# python if elif else in one line

```>>> i=100
>>> a = 1 if i<100 else 2 if i>100 else 0
>>> a
0
>>> i=101
>>> a = 1 if i<100 else 2 if i>100 else 0
>>> a
2
>>> i=99
>>> a = 1 if i<100 else 2 if i>100 else 0
>>> a
1```

Here is what the above code is Doing:
1. If i<100, a = 1 2. If i>100, a = 2
3. If i=100, a = 0

The reason a = 0 is because the first condition is true (i<100), so it sets a = 1. Then, the second condition is also true (i>100), so it sets a = 2. Since the value of a can’t be both 1 and 2, it just goes with the last assignment, which was a = 2.

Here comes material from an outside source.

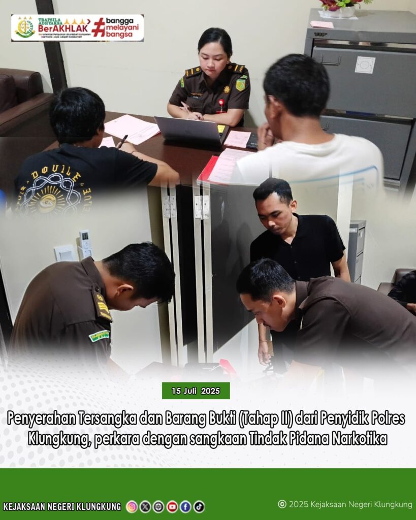 Pada hari Selasa tanggal 15 Juli 2025 sekira pukul 10.00 Wita bertempat di Ruang Tahap II Kantor Kejaksaan Negeri Klungkung, Jaksa Penuntut Umum Kejaksaan Negeri Klungkung Indira Trisdanadea, S.H. didampingi Petugas Pemulihan Aset dan Pengelolaan Barang Bukti telah menerima Penyerahan Tersangka dan Barang Bukti (Tahap II) dari Penyidik Polres Klungkung, perkara dengan sangkaan Tindak Pidana Narkotika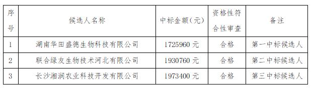 瀏陽市五環建設開發有限公司對農田地力提升進行公開采購,現將采購結果公告如下:

You can also use the ‘or’ operator:

>>> i=100
>>> a = 1 if i<100 or i>100 else 0
>>> a
0
>>> i=101
>>> a = 1 if i<100 or i>100 else 0
>>> a
1
>>> i=99
>>> a = 1 if i<100 or i>100 else 0
>>> a
1

Here’s what the above code is doing:
1. If i<100 or i>100, a = 1
2. If i<100 or i>100 is false, a = 0

The reason a = 1 is because at least one of the conditions is true (i>100), so it sets a = 1.

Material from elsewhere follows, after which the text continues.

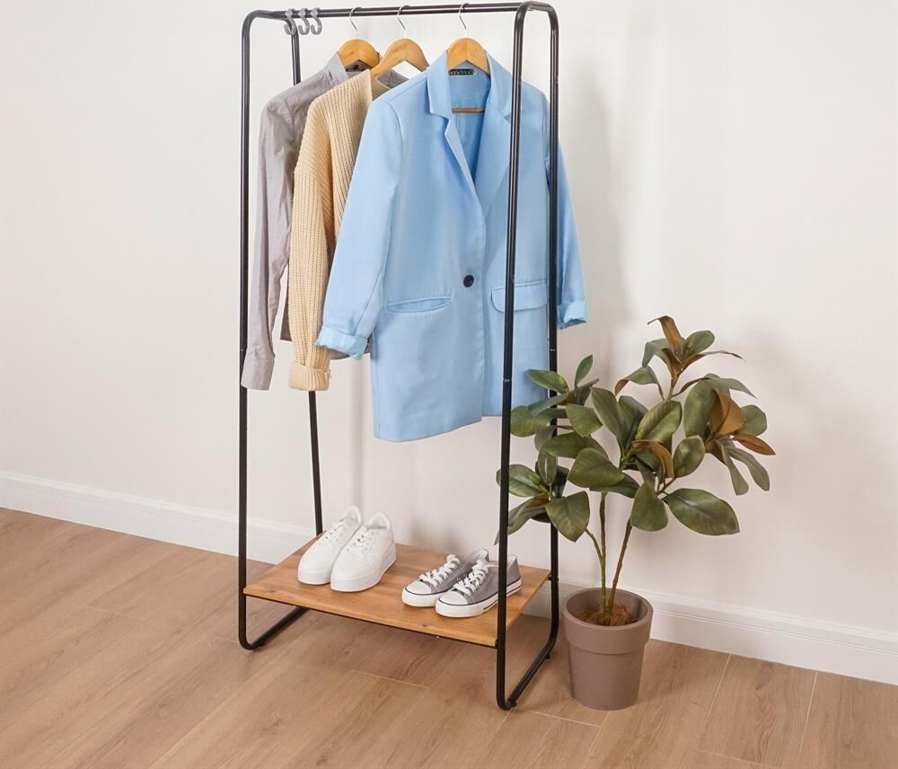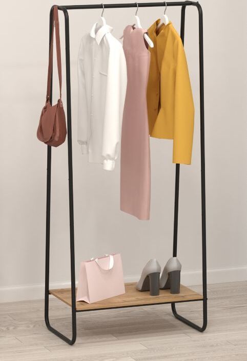 Назначение Для хранения вещей во внутренних помещениях. Материал сталь, порошково-полимерное покрытие, пластик, ЛДСП, фетр. Габариты (Д*Ш*В) 69 х 38,5 х 147 см. Максимальная нагрузка, кг На полку - 10 кг На перекладину - 20 кг. Уход Протереть влажной тряпочкой с мыльным средством. Температура применения, °C от 0 °C до +30 °C.

You can also use the ‘and’ operator:

>>> i=100
>>> a = 1 if i<100 and i>100 else 0
>>> a
0
>>> i=101
>>> a = 1 if i<100 and i>100 else 0
>>> a
0
>>> i=99
>>> a = 1 if i<100 and i>100 else 0
>>> a
0

Here’s what the above code is doing:
1. If i<100 and i>100, a = 1
2. If i<100 and i>100 is false, a = 0

The reason a = 0 is because both conditions have to be true for a = 1, and in this case, they’re not.